Olivetti gab an, daß im Komprimier-Modus pro MB bis zu 20 Minuten gesprochener Text auf die Festplatte gespeichert werden könnten, ohne Kompression der Daten könne der Anwender immerhin für 1 MB Plattenkapazität noch etwa fünf Minuten sprechen.

Diese Angaben stießen bei Branchenkennern allerdings auf erhebliche Zweifel, wären diese Werte doch sechs- bis zehnmal besser als bislang erzielbare Ergebnisse.

Für Vielschreiber an der Grenze der Tolerierbarkeit ist die Größe der Tasten. Hier machte Olivetti offensichtlich einen Kompromiß zwischen möglichst geringen Ausmaßen und noch akzeptabler Handhabbarkeit.

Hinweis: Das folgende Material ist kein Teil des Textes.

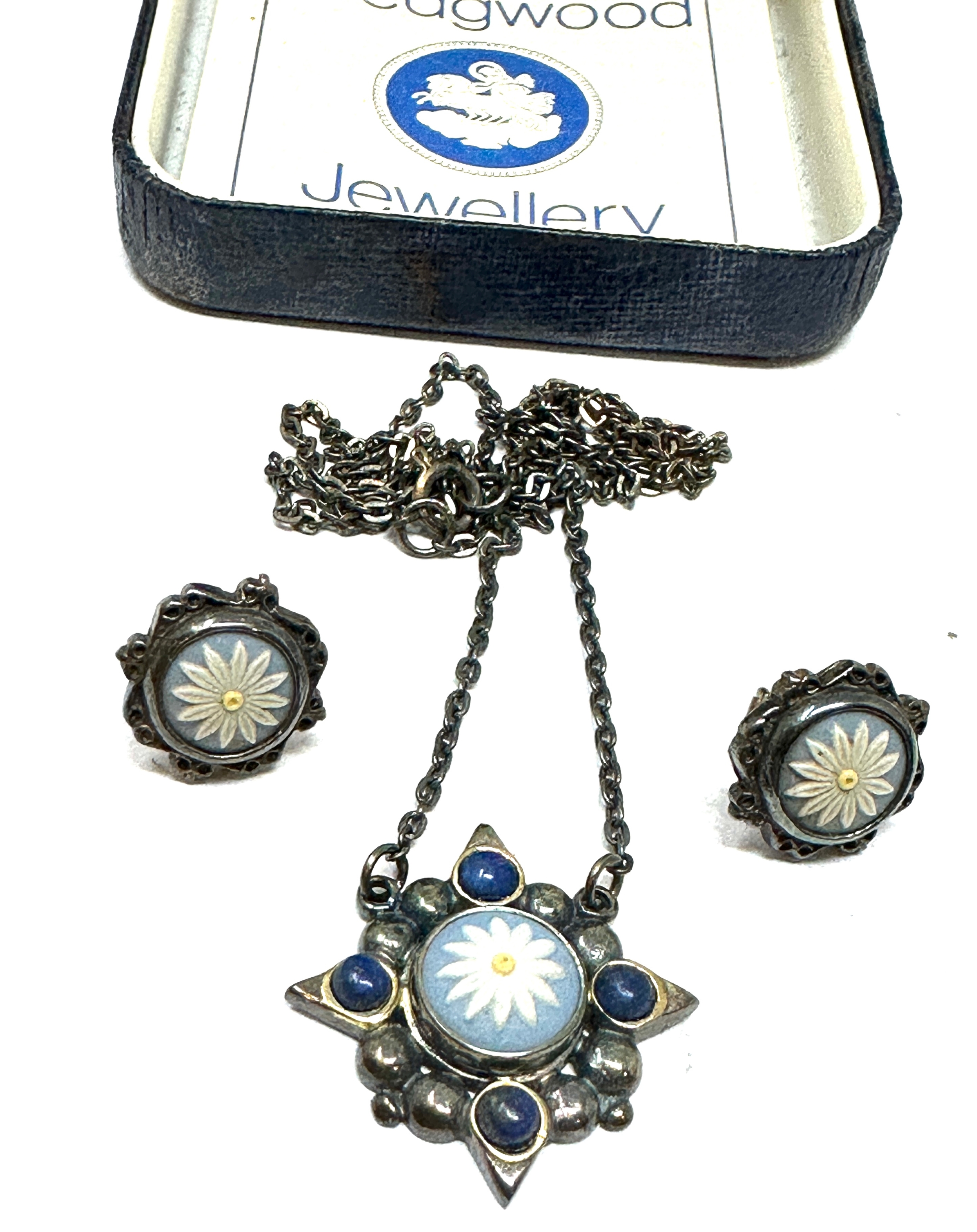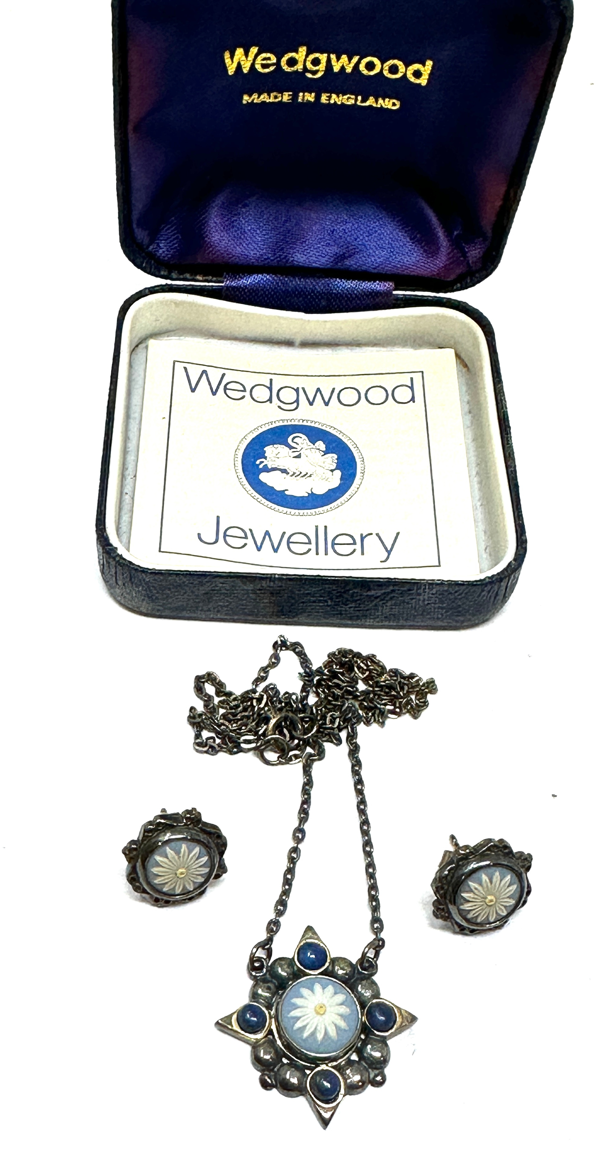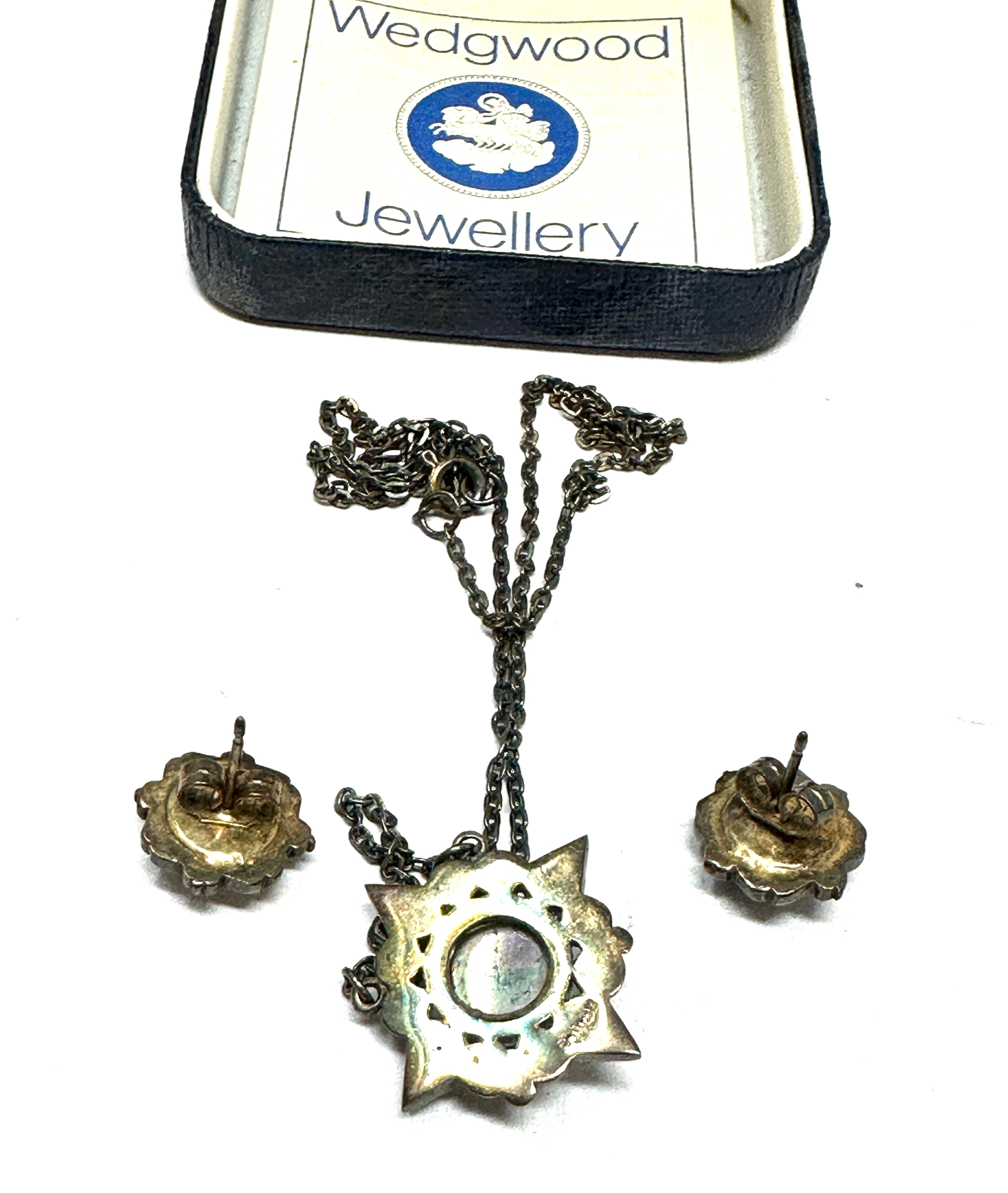 Boxed wedgwood jasperware silver pendant necklace & earrings

Quaderno, für den es optional unter anderem ein externes Floppy-Laufwerk sowie einen Zigarettenanzünder-Anschluß gibt, soll im Juni über verschiedene Kanäle ausgeliefert werden, an OEM-Abkammen - etwa mit DEC - sei ebenfalls gedacht Der Preis soll 1100 Dollar betragen, genaue Angaben über die Kosten wurden noch nicht gemacht, Gerüchte deuten Jedoch auf 2200 und bis zu 1800 Mark. Die ersten zirka 70 Systeme lieferte Olivetti vor Ort in Ivrea bereits aus: Alle anwesenden Pressevertreter wurden mit dem recht kostspieligen Geschenk beglückt.